- [AIM OF THE TASK]: Below is a listing; retype exactly the lines between the one containing "Truck Bed Tent" and the one containing "The Nike VaporWaffle", inclusive, minus the pictures.

- [DATA FOR THIS EXERCISE]:
>>>>

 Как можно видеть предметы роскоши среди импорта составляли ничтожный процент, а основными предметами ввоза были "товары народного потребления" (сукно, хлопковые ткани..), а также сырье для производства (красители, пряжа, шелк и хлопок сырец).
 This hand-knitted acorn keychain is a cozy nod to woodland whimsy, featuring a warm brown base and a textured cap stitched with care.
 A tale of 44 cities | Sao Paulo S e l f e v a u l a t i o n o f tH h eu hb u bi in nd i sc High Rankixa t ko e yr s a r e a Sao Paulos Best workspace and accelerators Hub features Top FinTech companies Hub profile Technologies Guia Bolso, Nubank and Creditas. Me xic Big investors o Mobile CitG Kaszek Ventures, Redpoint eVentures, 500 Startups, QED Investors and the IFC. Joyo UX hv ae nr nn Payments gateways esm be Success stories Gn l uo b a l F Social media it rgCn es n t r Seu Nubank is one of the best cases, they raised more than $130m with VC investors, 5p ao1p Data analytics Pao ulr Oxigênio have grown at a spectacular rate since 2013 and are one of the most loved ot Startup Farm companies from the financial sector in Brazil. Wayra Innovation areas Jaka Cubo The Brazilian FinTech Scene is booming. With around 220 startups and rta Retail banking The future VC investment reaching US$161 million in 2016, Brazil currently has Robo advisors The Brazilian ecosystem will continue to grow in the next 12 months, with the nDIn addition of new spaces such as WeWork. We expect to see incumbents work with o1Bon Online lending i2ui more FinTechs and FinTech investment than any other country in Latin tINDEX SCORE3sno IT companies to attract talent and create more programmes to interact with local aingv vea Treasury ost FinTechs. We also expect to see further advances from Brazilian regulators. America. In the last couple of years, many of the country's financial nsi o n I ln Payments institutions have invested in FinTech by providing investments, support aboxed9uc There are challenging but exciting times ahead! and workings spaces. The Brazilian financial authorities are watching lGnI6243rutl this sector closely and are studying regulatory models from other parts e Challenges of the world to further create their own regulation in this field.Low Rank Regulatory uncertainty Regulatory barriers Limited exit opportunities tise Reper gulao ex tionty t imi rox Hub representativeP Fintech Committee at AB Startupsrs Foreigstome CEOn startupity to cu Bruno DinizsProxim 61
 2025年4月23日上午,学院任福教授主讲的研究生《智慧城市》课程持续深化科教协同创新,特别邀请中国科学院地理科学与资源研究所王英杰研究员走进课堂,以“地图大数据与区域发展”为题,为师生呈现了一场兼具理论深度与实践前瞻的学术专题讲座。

<<<<
>>>>

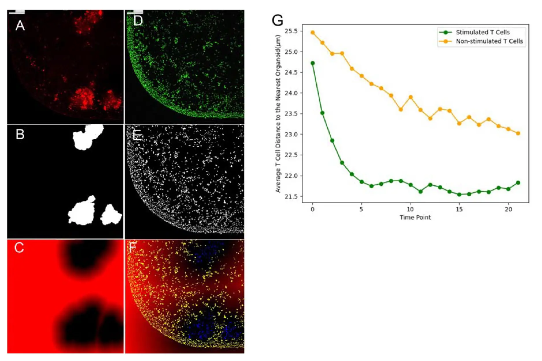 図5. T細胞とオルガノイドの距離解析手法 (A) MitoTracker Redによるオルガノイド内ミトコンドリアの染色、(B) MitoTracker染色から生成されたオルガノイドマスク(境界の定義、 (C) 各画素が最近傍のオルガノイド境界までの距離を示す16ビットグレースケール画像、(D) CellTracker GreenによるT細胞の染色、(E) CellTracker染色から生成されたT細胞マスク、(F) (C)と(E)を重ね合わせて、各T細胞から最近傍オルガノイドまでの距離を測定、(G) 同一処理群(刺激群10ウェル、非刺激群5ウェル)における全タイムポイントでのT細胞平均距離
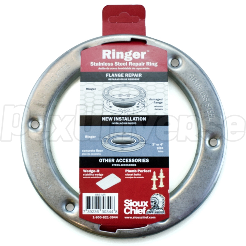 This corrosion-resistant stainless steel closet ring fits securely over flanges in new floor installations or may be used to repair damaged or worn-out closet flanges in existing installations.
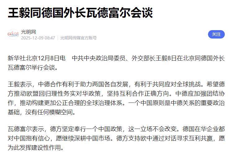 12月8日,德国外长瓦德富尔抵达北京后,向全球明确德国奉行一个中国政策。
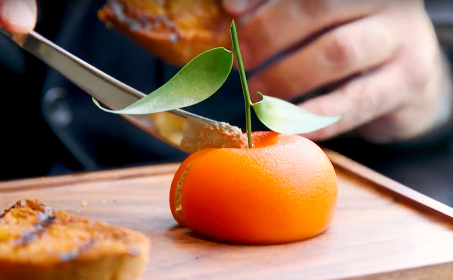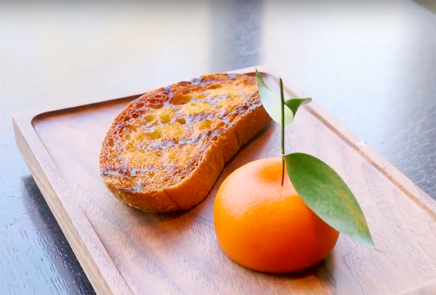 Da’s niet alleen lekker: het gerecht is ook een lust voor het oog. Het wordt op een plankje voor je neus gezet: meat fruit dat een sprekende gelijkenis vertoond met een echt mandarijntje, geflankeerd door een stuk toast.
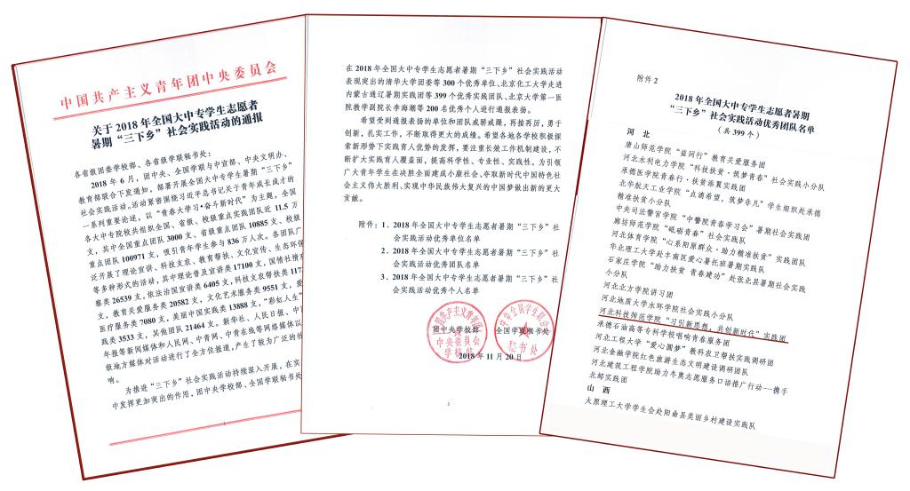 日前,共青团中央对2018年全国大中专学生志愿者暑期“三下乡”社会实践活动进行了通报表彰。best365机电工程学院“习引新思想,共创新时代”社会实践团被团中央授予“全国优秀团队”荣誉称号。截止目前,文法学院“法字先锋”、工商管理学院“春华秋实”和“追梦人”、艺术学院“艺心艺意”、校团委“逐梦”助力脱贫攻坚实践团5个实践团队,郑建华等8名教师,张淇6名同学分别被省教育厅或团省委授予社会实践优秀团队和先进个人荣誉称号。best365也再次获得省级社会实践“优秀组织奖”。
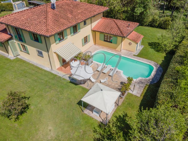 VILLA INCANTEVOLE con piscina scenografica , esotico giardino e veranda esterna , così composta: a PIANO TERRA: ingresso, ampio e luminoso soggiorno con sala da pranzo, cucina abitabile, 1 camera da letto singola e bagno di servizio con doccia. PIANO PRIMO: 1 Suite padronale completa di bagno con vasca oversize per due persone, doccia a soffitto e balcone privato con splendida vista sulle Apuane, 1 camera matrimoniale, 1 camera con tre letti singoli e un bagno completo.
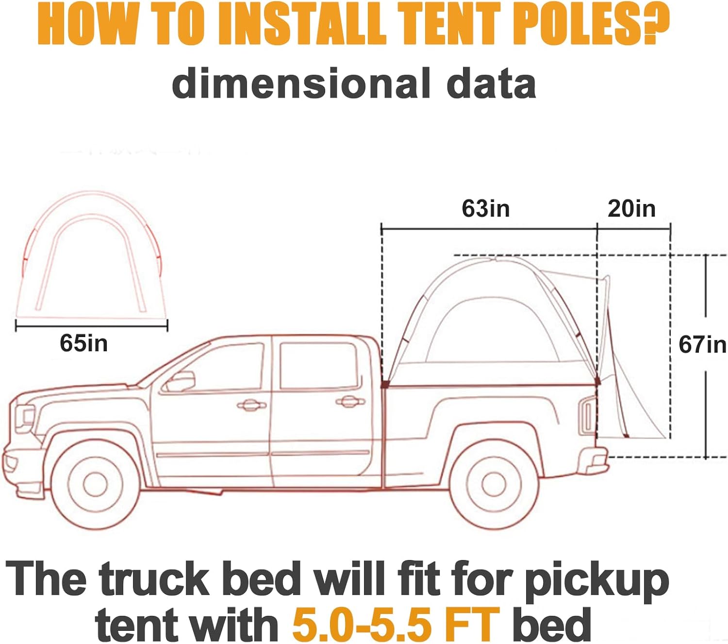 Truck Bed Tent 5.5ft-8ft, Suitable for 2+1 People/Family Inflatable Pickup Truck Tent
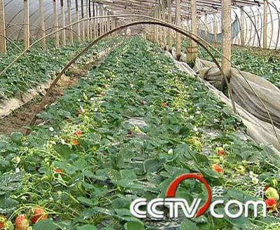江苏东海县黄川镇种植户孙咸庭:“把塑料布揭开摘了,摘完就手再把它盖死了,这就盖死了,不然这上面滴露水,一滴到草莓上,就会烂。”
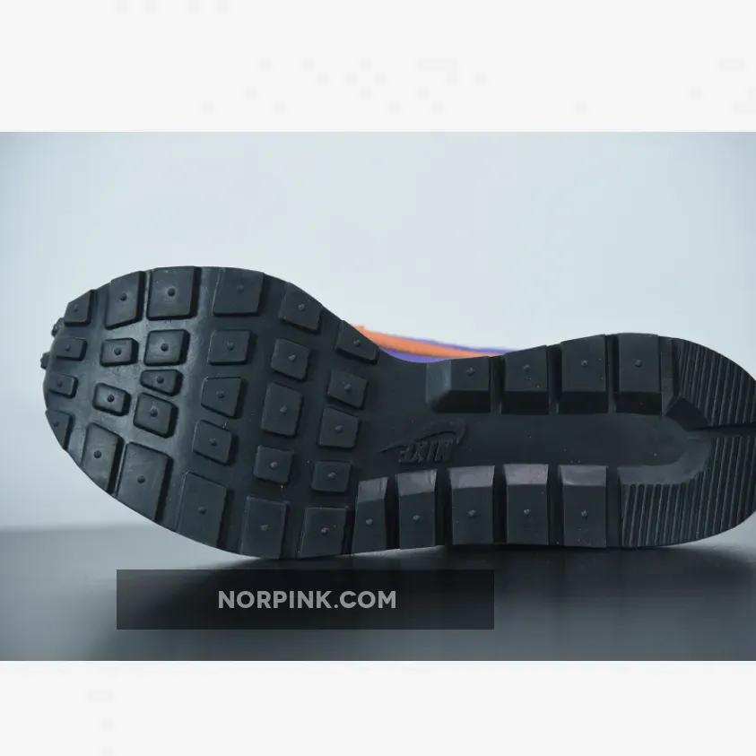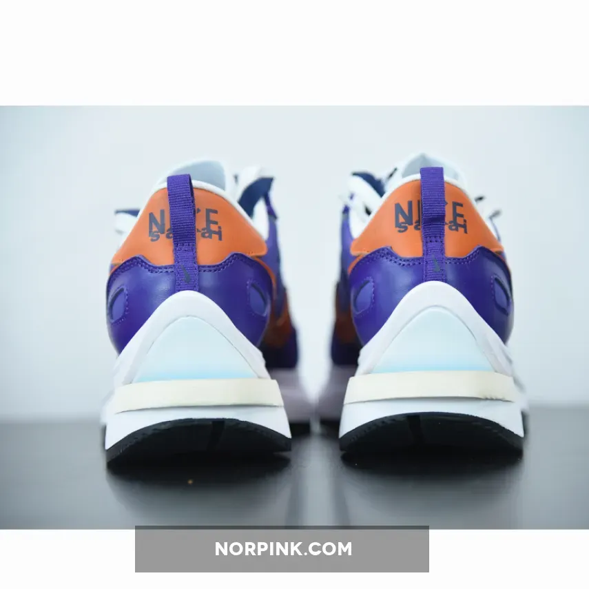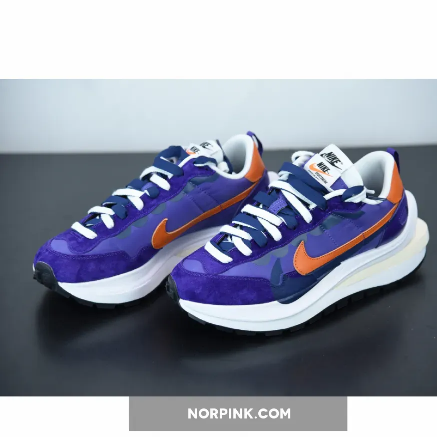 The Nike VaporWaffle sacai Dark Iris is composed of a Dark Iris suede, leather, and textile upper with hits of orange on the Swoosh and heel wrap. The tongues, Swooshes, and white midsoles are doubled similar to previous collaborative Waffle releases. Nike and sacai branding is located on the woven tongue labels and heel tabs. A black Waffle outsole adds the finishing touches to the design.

<<<<

- [TASK SOLUTION]:
 Truck Bed Tent 5.5ft-8ft, Suitable for 2+1 People/Family Inflatable Pickup Truck Tent
江苏东海县黄川镇种植户孙咸庭:“把塑料布揭开摘了,摘完就手再把它盖死了,这就盖死了,不然这上面滴露水,一滴到草莓上,就会烂。”
 The Nike VaporWaffle sacai Dark Iris is composed of a Dark Iris suede, leather, and textile upper with hits of orange on the Swoosh and heel wrap. The tongues, Swooshes, and white midsoles are doubled similar to previous collaborative Waffle releases. Nike and sacai branding is located on the woven tongue labels and heel tabs. A black Waffle outsole adds the finishing touches to the design.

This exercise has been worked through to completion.